There is the additional question of why do we see such a great prevalence of unions even
in industries that are competitive, especially in Canada (Unions in the US has been
falling). One possible answer is that although the firms may be operating in a competitive
output market, they may be the sole or largest employer in the location they are at, which
confers on the firm monopsony powers.
Even then, we still see union formation in large cities. Why? This will lead us into other
market structures, and the idea of power conferred by product differentiation. Think
about the following, is Coca Cola really the same as Pepsi Cola. Is St. Mary’s University,
Mount St. Vincent University, and Acadia University offering the same product? Or
University of Toronto, Ryerson University, and York University?

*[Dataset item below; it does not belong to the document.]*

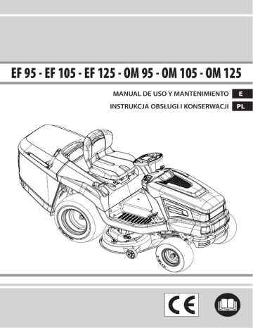 EF 95 - EF 105 - EF 125 - OM 95 - OM 105 - OM 125 MANUAL DE USO Y MANTENIMIENTO E INSTRUKCJA OBSŁUGI I KONSERWACJI PL 햲 1 햳 햴 햶 햷 max 10° (17%) 햵 햽 햿 2014 햺 햸 햹 Via E. Fermi, - 42011 Bagnolo in Piano (RE) Italy 27 OM 125/23 H 68079020 GARDEN TRACTOR 13,5 kW - 275 kg 707 XXX 0001 105 햾 햻 2 16 14 10 1A 1 3 2 8 11 4 9 15 13 5 6 12 2 7 17 3 b d 4 e a a b c d f 1 0 n 5 m l k j i h g f e 6 a b a b 7 8 a a b c 9 10 1 0 3 11 12 a c „Click“ a 13 14 a b „Click“ 15 16 2 1 17 2 18 1 2 1 4 a b 19 20 a a 21 22 c b a 23 24 25 26 5 E TRADUCCIÓN DE LAS INSTRUCCIONES ÍNDICE ORIGINALES 1. N O R M A S D E S E G U R I D A D (indicaciones para utilizar la máquina de modo seguro) INTRODUCCIÓN 2. EXPLICACIÓN DE LOS SÍMBOLOS Para utilizar correctamente la máquina y Y ADVERTENCIAS DE SEGURIDAD (identificación de la máquina y evitar accidentes, lea con atención este significado de los símbolos) manual antes de comenzar el trabajo. El 3. COMPONENTES PRINCIPALES manual contiene explicaciones sobre el (ubicación de los elementos funcionamiento de los distintos principales de la máquina) 4. ENSAMBLAJE (instrucciones para componentes, además de instrucciones para quitar el embalaje y montar las realizar los controles y el mantenimiento piezas sueltas) necesarios. 5. MANDOS E INSTRUMENTOS DE Nota. Las descripciones e ilustraciones CONTROL (ubicación y función de todos los mandos) contenidas en el presente manual no son 6. NORMAS DE USO (indicaciones vinculantes. El fabricante se reserva el para trabajar de modo correcto y derecho a modificar los productos sin seguro) hacer los cambios correspondientes en el - 6.1 Operaciones preliminares material impreso. - 6.2 Uso de la máquina Además de las instrucciones de uso y - 6.3 Corte del césped mantenimiento, este manual contiene otras - 6.4 Transporte informaciones que requieren una especial 7. MANTENIMIENTO (instrucciones para mantener la máquina en buen atención. Dichas informaciones están estado de funcionamiento) señaladas con los siguientes símbolos: 7.1 Recomendaciones de seguridad ATENCIÓN: indica riesgo de accidentes, 7.2 Acceso a los órganos mecánicos lesiones personales –incluso mortales– o - 7.3 Mantenimiento ordinario daños materiales importantes. PRECAUCIÓN: indica riesgo de que se - 7.4 Operaciones en la máquina 8. PROTECCIÓN DEL AMBIENTE dañen la máquina o sus componentes. (consejos para utilizar la máquina en Los tractores con descarga posterior se armonía con la naturaleza) fabrican en distintas versiones. Asegúrese de 9. ACCESORIOS (para ampliar el que estas instrucciones correspondan campo de aplicación de la máquina) específicamente a su modelo de tractor. - 9.1 Accesorios opcionales 10. DATOS TÉCNICOS (características principales de la máquina) ATENCIÓN 11. DECLARACIÓN DE CONFORMIDAD RIESGO DE DAÑO AUDITIVO 12. CERTIFICADO DE GARANTÍA (detalle EN CONDICIONES NORMALES, EL USO DE de las condiciones de garantía) ESTA MÁQUINA PUEDE EXPONER AL CONDUCTOR A UN NIVEL DIARIO DE 13. SOLUCIÓN DE PROBLEMAS (guía para resolver posibles RUIDO IGUAL O SUPERIOR A inconvenientes) 85 dB (A). 6 7 8 9 9 9 12 15 18 20 23 24 24 24 25 28 29 29 29 32 33 34 35 1. NORMAS DE SEGURIDAD ATENCIÓN - La máquina, si se la utiliza correctamente, es un instrumento de trabajo rápido, cómodo y eficaz; pero si se la emplea de modo inapropiado o sin las debidas precauciones puede resultar peligrosa. Para que su trabajo sea siempre agradable y seguro, respete estrictamente las normas de seguridad que se indican a continuación y en el resto del manual. - Las máquinas accionadas por motores de combustión interna transmiten vibraciones. En caso de exposición prolongada a dichas vibraciones, las personas afectadas de problemas circulatorios o edemas anómalos pueden sufrir lesiones en los vasos sanguíneos o en los nervios de los dedos, manos y muñecas. El uso prolongado en climas fríos se ha asociado a lesiones en los vasos sanguíneos de personas sanas. Si aparecen síntomas tales como pérdida de sensibilidad, dolor, pérdida de fuerza, cambio en la textura o el color de la piel, o pérdida de sensibilidad en dedos, manos o muñecas, interrumpa el uso de la máquina y acuda a un médico. - El sistema de encendido de la máquina genera un campo electromagnético de muy baja intensidad. Este campo puede inter ferir con algunos marcapasos. Para disminuir el riesgo de indisposiciones graves e incluso mortales, los portadores de marcapasos deben consultar a su médico y al fabricante del marcapasos antes de utilizar esta máquina. ATENCIÓN: La legislación de algunos países puede limitar el uso de la máquina. 1) Antes de utilizar la máquina, lea este manual con atención hasta que comprenda y sepa poner en práctica todas las reglas de seguridad, precauciones e instrucciones de manejo. 2) Tenga siempre el manual al alcance de la mano. Si este se extravía, pida otro ejemplar. 3) L a m á q u i n a d e b e s e r u t i l i z a d a exclusivamente por personas adultas que puedan comprender y respetar las normas de seguridad, precauciones e instrucciones contenidas en este manual. No permita que los menores utilicen la máquina. 4) No manipule ni utilice la máquina si está cansado, enfermo o inquieto, y tampoco si ha tomado alcohol, drogas o medicamentos. El conductor debe encontrarse en buen estado físico y con la mente alerta. El uso de esta máquina es fatigoso: si tiene algún problema que se pueda agravar a causa de este tipo de trabajo, consulte a su médico antes de utilizar la máquina. Preste mayor atención antes de las pausas de descanso y hacia el final del turno de trabajo. 5) Evite la presencia de personas y animales en un radio de 15 m como mínimo alrededor del lugar de trabajo. No permita que se acerquen personas o animales a la máquina durante el arranque y el uso. 6) Para trabajar con la máquina, póngase siempre ropa de seguridad homologada. No utilice prendas, bufandas, corbata

I do not want to leave you with the uncontested notion that unions are always good. Else
it may lead you towards ideals of the ultimate union, a communistic economy. Granted
that, Canadian Economist has found significant evidence that unions has been good to the
general populace, but recall a conjecture I highlighted at the beginning of our school year
that the argument may not hold if we extend our analysis beyond one generation. The
idea behind the conjecture is the following, would an individual who lives through hard
times ensure that their offspring gets the best to rise above their own circumstance then
one who had their circumstance muted by aid. Consider the following empirical
observations found by economist. Through the past decades, the children of parents of
different income groups have virtually remained in their parents’ income brackets If
unions had been so effective, why haven’t we seen more mobility of children away from
different quantiles of income. Why aren’t outcomes more random?